Grüner, Sten, and Thomas Lorentsen. "Teaching Erlang using robotics and player/stage." In Proceedings of the 8th ACM SIGPLAN workshop on ERLANG, pp. 33-40. ACM, 2009.


Karmani, Rajesh K., Amin Shali, and Gul Agha. "Actor frameworks for the JVM platform: a comparative analysis." In Proceedings of the 7th International Conference on Principles and Practice of Programming in Java, pp. 11-20. ACM, 2009.


Santoro, Corrado. "An erlang framework for autonomous mobile robots." In Proceedings of the 2007 SIGPLAN workshop on ERLANG Workshop, pp. 85-92. ACM, 2007.


Di Stefano, Antonella, and Corrado Santoro. "eXAT: an Experimental Tool for Programming Multi-Agent Systems in Erlang." In WOA, vol. 12, pp. 1-127. 2003.
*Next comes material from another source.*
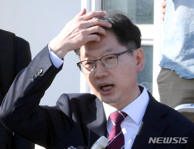 【서울=뉴시스】 전진환 기자 = 드루킹 댓글 조작에 가담한 혐의로 1심에서 실형을 선고 받고 법정 구속된 김경수 경남지사가 17일 오후 법원의 보석허가를 받고 경기도 의왕시 서울구치소를 나와 기자들과 인터뷰하고 있다. 2019.04.20.

Di Stefano, Antonella, and Corrado Santoro. "Using the Erlang language for multi-agent systems implementation." In IEEE/WIC/ACM International Conference on Intelligent Agent Technology, pp. 679-685. IEEE, 2005.


Szomiński, Szymon, Konrad Gądek, Michal Konarski, Bogna Błaszczyk, Piotr Anielski, and Wojciech Turek. "Development of a cyber-physical system for mobile robot control using erlang." In Computer Science and Information Systems (FedCSIS), 2013 Federated Conference on, pp. 1441-1448. IEEE, 2013.


Varela, Carlos, Carlos Abalde, Laura Castro, and José Gulias. "On modelling agent systems with Erlang." In Proceedings of the 2004 ACM SIGPLAN workshop on Erlang, pp. 65-70. ACM, 2004.


Note: The research is still going on and I am writing erlang code for Robocup Soccer Agent. I would include results in my next research paper which I will self-publish here. Soon, I would also make the code open source.